Question 477545: Dear math teacher,
I am having the following difficulties with this problem:
"A box contains 7 red cards, 6 white cards and 4 blue cards. How many selections of three cards can be made so that a) all three are red, b) none are red?"
I solved the problem correctly but then I tried to solve it the second way - the shorter and less time consuming way. I was supposed to get the same result but did not. Please let me know, why I did not get the same answer.

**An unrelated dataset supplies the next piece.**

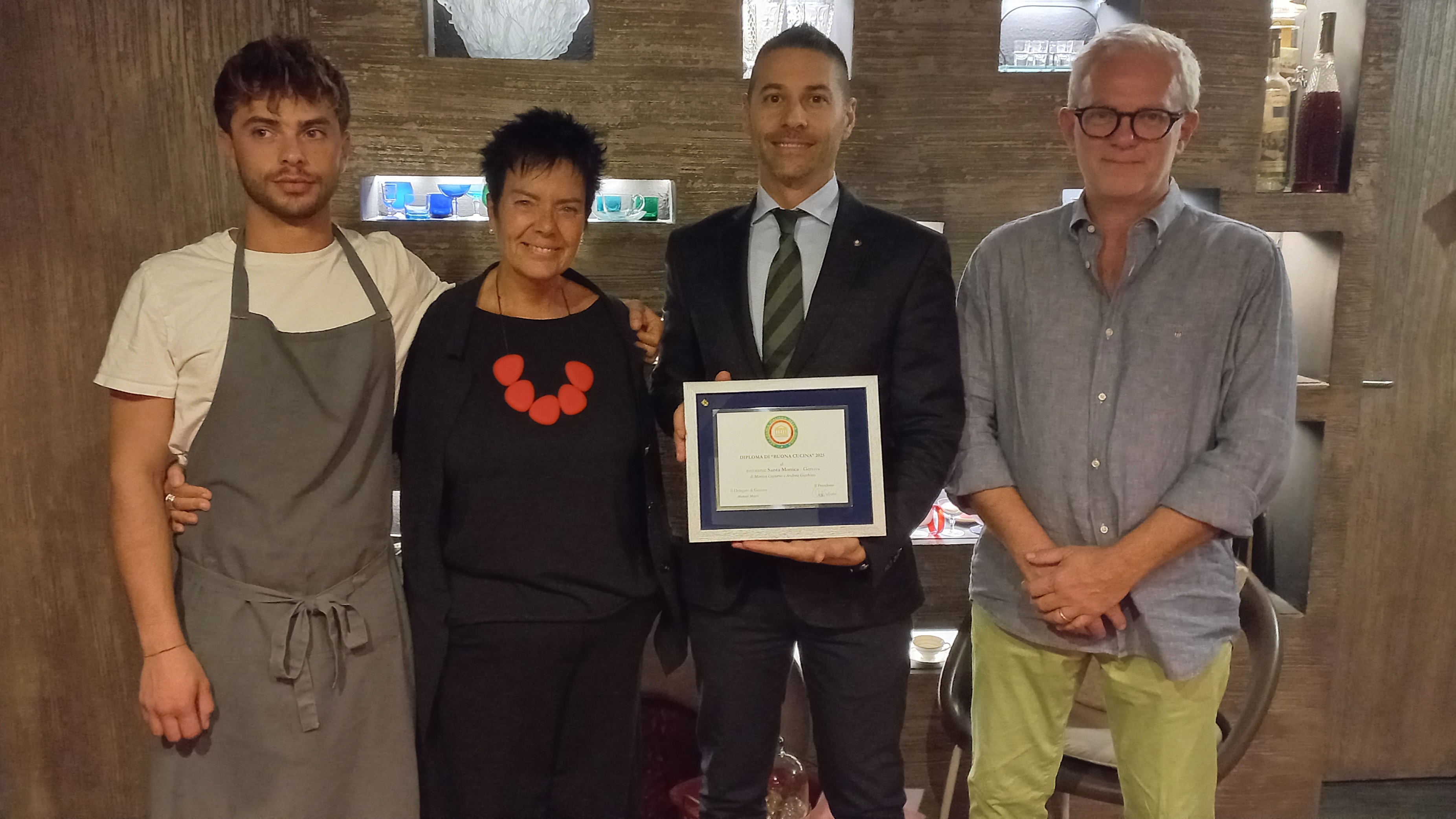 La Delegazione ha conferito i Diplomi di Cucina Eccellente e di Buona Cucina a due ristoranti simbolo della tradizione e della creatività gastronomica genovese. Il Diploma di Cucina Eccellente è stato assegnato al Ristorante Teresa dal 1968, storica insegna del quartiere di Pegli. Fondato dai genitori dell’attuale chef Tina Cosenza, oggi è guidato con passione da Tina insieme ai fratelli Mariella e Tonino. La proposta gastronomica, fedele alla tradizione ma impreziosita da eleganti rivisitazioni contemporanee, si distingue per la qualità della materia prima, la cura dei dettagli e la raffinatezza delle preparazioni. “Teresa dal 1968” incarna così l’equilibrio perfetto tra memoria e innovazione, divenendo punto di riferimento per chi ricerca autenticità e valore nella cucina del territorio. Il Diploma di Buona Cucina è stato invece attribuito al Ristorante Santamonica, un autentico “nido” affacciato sul mare di Genova. Il riconoscimento premia una cucina creativa ma profondamente legata alla tradizione, dove stagionalità e selezione accurata di prodotti locali sono principi fondanti. Lo chef Tomaso Giachino, giovane ma già esperto, interpreta la cucina ligure con sensibilità e originalità, proponendo piatti autentici e armoniosi che coniugano modernità e radici. Il risultato è una proposta gastronomica di grande equilibrio, che conferma il Santamonica tra le migliori espressioni della Delegazione.

Here is what I did by Method 1 for part a):
R W B
n 7 6 4
r 3
7C3 = 35 selections
Here is what I did by Method 1 for part b):
R W B
n 7 6 4
r n = 6+4 = 10
r = 3
10C3 = 10!/(10-3)! = 120 selections.
Method 2 part b)
n (total R, W, B) = 7+6+4 = 17
r = 3
17C3 - 7C3 = 680-35 = 645 selections and this answer does not match the answer obtained by Method 1 for part b). Would you tell me why? Where did I do a mistep? Here is how reasoned it out: Total Number of Ways - Number of Ways to Pull Red Cards = Number of Ways to Get Other Colors
Why would that be wrong to think like that?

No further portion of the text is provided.